§ **Exercise goal**: The lines from the one with "근로소득과 세후보상이 증가하며, 실질" through the last line of the material below, copied exactly and free of pictures, make up the whole answer.

§ **Given data**:
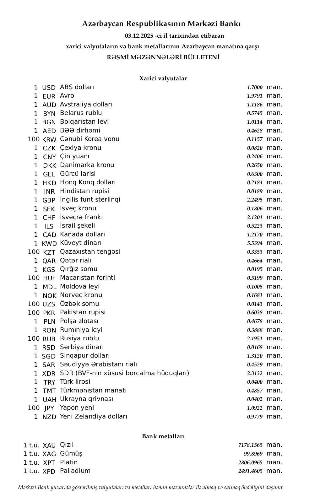 Rəsmi məzənnələr açıqlandı
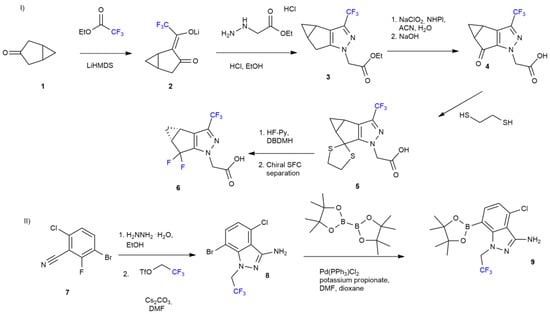 Synthesis of Lenacapavir, part (I–II). (I) Synthesis of intermediate 6; (II) Synthesis of intermediate 9.
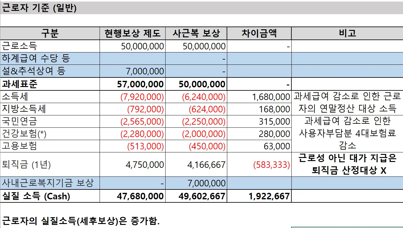 근로소득과 세후보상이 증가하며, 실질 소득(Cash)은 47,680,000원에서 49,602,667원으로 1,922,667원 증가합니다. 이는 과세급여 감소로 인한 소득세 및 지방소득세의 절감 효과 덕분입니다.
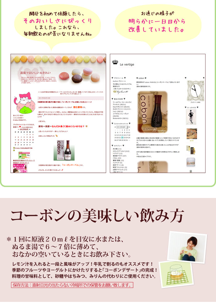 コーボンマーベルは、 20mlの原液を、水またはお湯で6~7倍にうすめ、 1日1回から3回を目安にご愛飲下さい。

§ **Problem solution**:
 근로소득과 세후보상이 증가하며, 실질 소득(Cash)은 47,680,000원에서 49,602,667원으로 1,922,667원 증가합니다. 이는 과세급여 감소로 인한 소득세 및 지방소득세의 절감 효과 덕분입니다.
 コーボンマーベルは、 20mlの原液を、水またはお湯で6~7倍にうすめ、 1日1回から3回を目安にご愛飲下さい。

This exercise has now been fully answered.